I have no idea what to call these projects. I’ve spent over a decade working under the title “Project Universe”, which means I have at least 30 different ZIP packages, GitHub repos, and random files lying around with some variation of that name. In order to make as clean a break as I can while still retaining the core concepts (and math work that I spent a lot of time on) I opted to call this attempt “Project Galaxy”.

In the Beginning

With my studies of React came a better understanding of Javascript. With a better understanding of Javascript came a desire to re-evaluate Colyseus, the Javascript game engine. I find neither as daunting as I once did, which has allowed me to make some pretty significant progress with some pretty obnoxious requirements: authentication and character creation.
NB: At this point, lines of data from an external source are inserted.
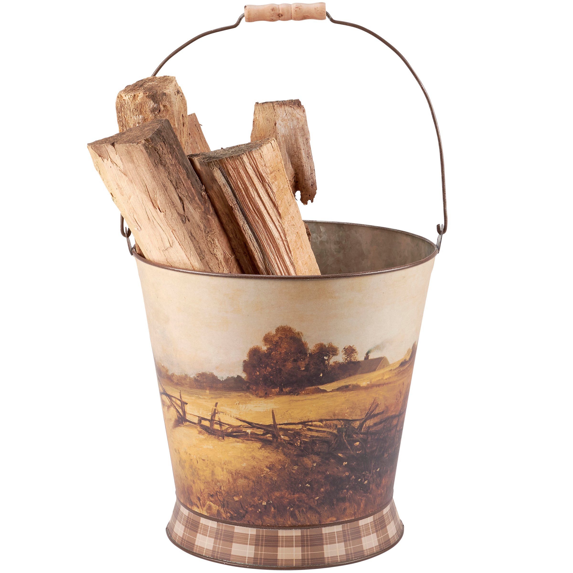 A galvanized metal bucket from our Fall & Harvest Collection displaying a full wrap-around design of a rural farmland scene inspired by Old World home décor. Base of bucket also displays a complementing fall inspired plaid. Bucket is perfect for displaying seasonal décor or storing household items in style. Accessories pictured not included. Our Rural Farmland bucket includes a metal handle with wooden grip for easy carrying. A rustic home accent with a variety of display options.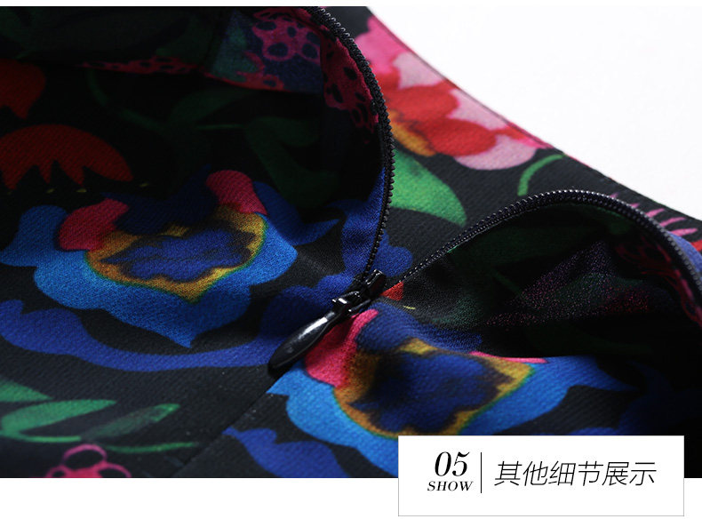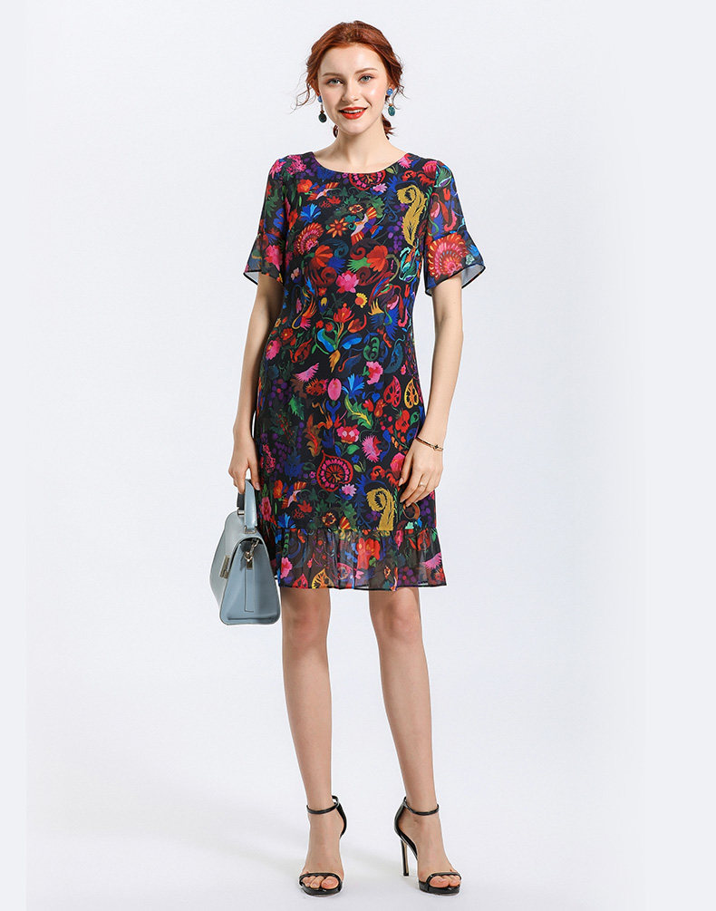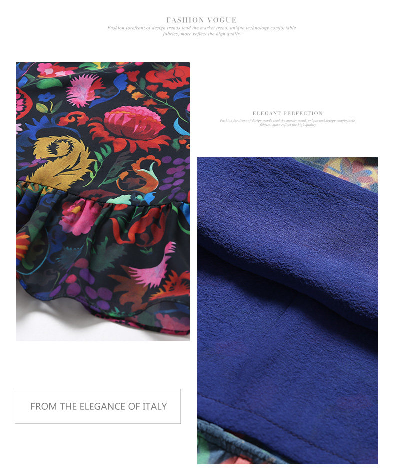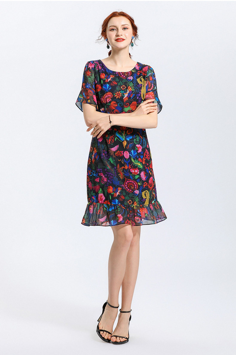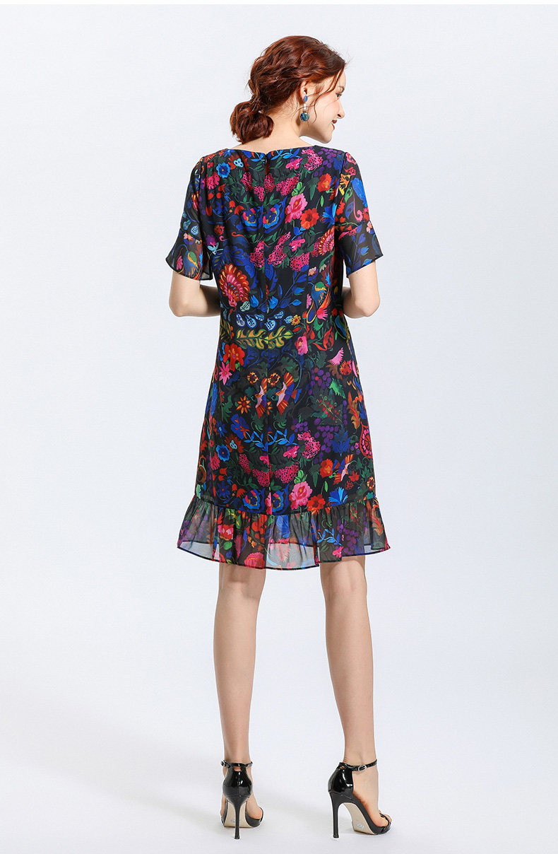 乔万尼夏季时尚国潮印花拼接网纱气质桑蚕丝连衣裙女EN2E561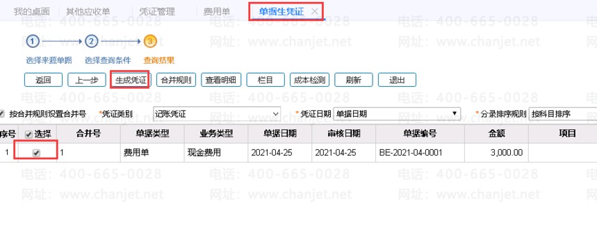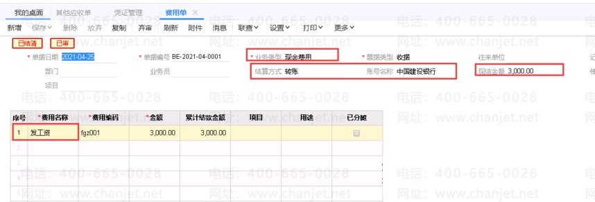 4、剩余部份3000元,业务中做费用单,业务类型为现金费用。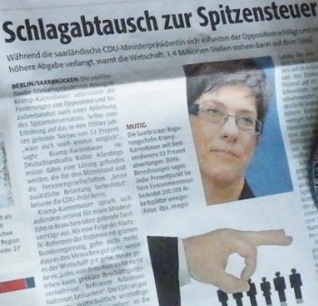 Die saarländische CDU-Ministerpräsidentin, so wird gemeldet, setze sich für einen Spitzensteuersatz von 53% (wie in Kohl's Zeiten) ein. Oh wie böse! Hochintelligent und kompetent kommt sie auf dem Foto auch nicht gerade rüber. Die Wirtschaft warnt: 1,4 Millionen Stellen stehen auf dem Spiel. Und " Schnipp ", im Bild wird's deutlich, gleich ist Eine/Einer weg. - Geht's noch?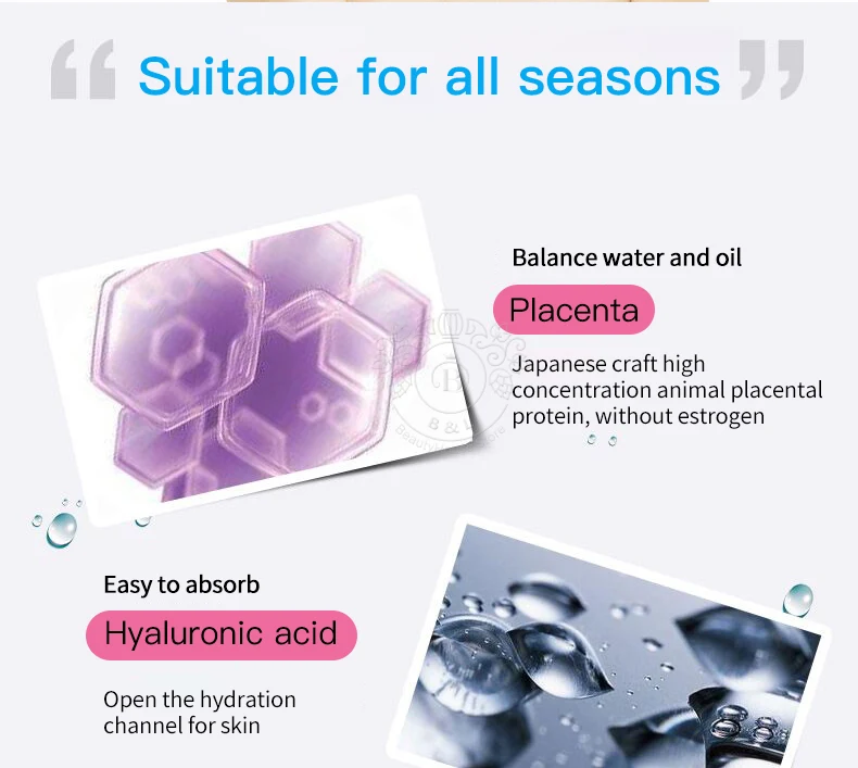 * Эффективные ингредиенты: экстракт плаценты, гиалуроновая кислота, трегалоза, коллаген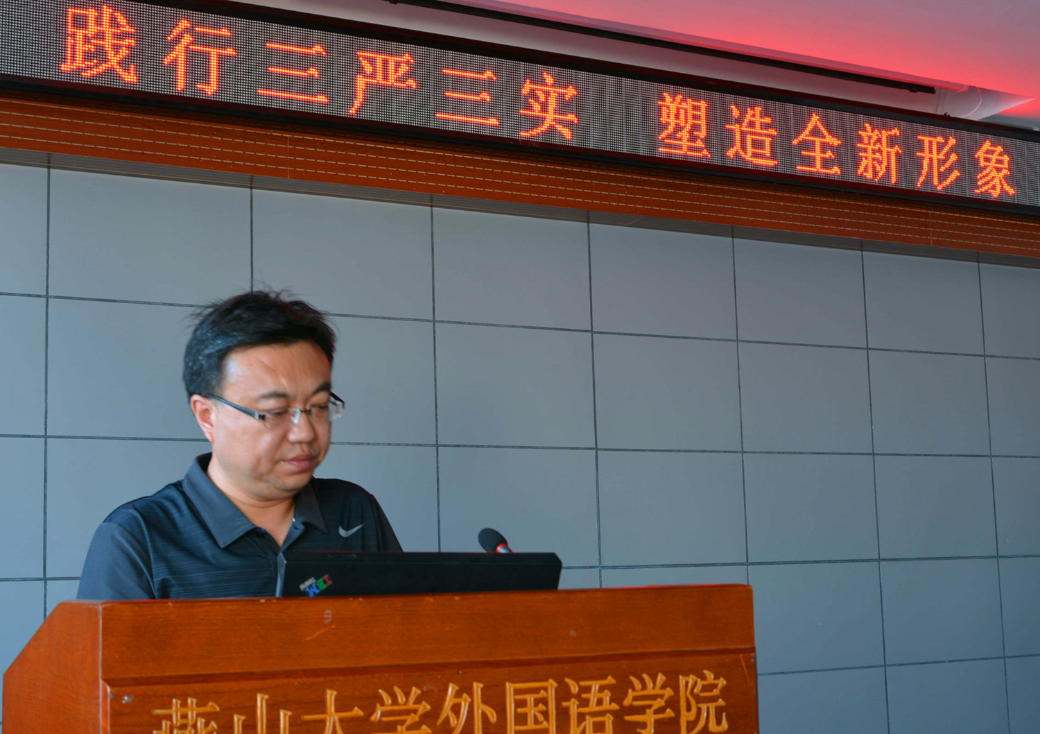 6月18日下午4点15分,我院在人文馆416举办了“三严三实”专题党课讲座,严冰书记为全体教工党员做了题为“践行三严三实,塑造全新形象”的讲座。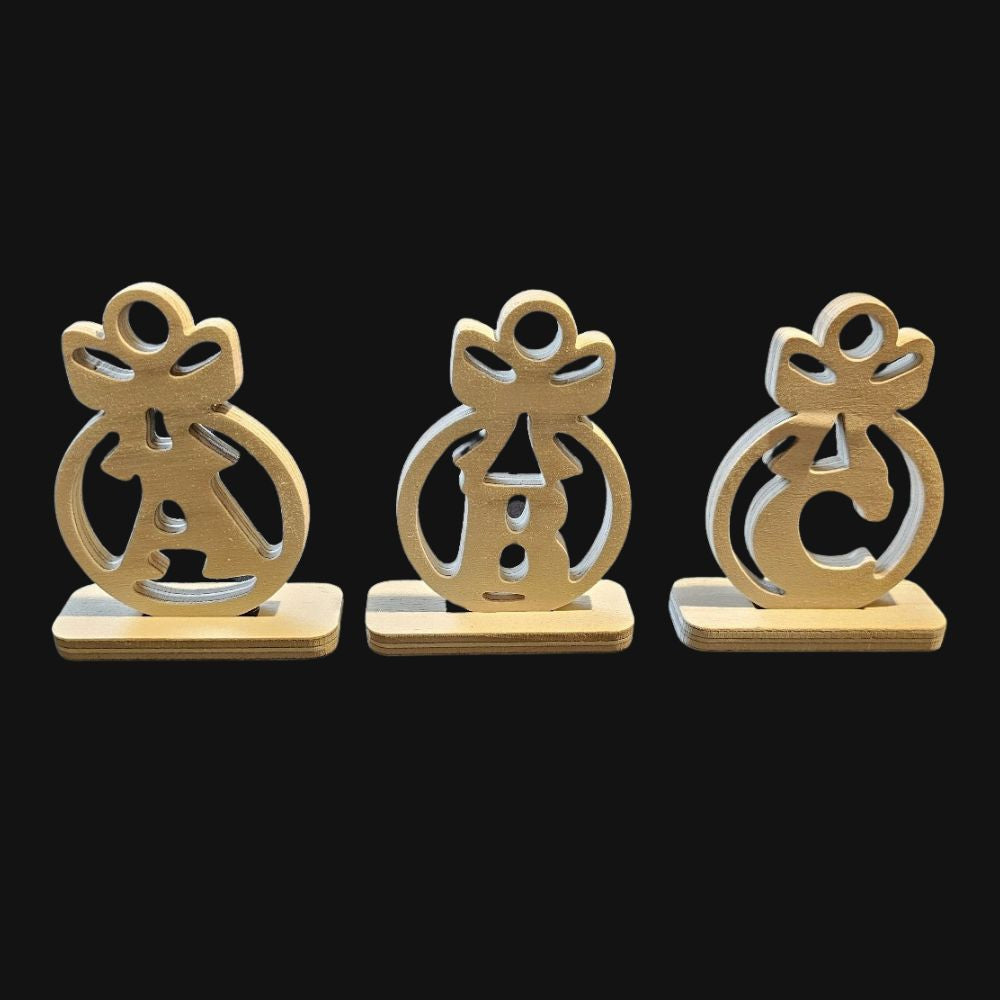 Rien n'est plus chaleureux qu'un Noël personnalisé. Ces adorables boules en bois, découpées en forme de lettres ornées d'un nœud festif, apportent une touche naturelle et authentique à vos fêtes.

I needed authentication in place because Google’s Firestore serverless NoSQL database requires that access rules be locked down after an initial free-form trial period. If I want to push ahead and work with data, I need to be able to authenticate a user. Firebase, the overarching platform of which Firestore is a part, handles that very well for people like me who would rather jump through a burning plate-glass window covered in spiders than roll another authentication system.

With authentication in place I realized that I’d need a structure representing a character which would hold information needed to start the game proper. The character holds information on where the player was last time she was in the game, how much money she has, and what kind of ship and cargo she’s purchased. I could fake it during the initial build phase, but as I’d need to get characters into the project at some point, why not start there and get the scaffolding up and running?

An lo! A Foul Flowchart Appeared!

I apologize for this

So, here’s how this works so far.

Account Creation and Login

The first step would be to create an account, but I’ve omitted that from the graph because it’s assumed that in order to log in, a user would have to have taken that step.

Logging in is handled by Firebase. A user can choose one of two options: email and password, or OAuth through a third party provider like Google, Twitter, or Facebook. Right now, the framework allows for email and password as OAuth providers require developer accounts, approvals, dashboard work, etc. that isn’t worthwhile at this point in the project.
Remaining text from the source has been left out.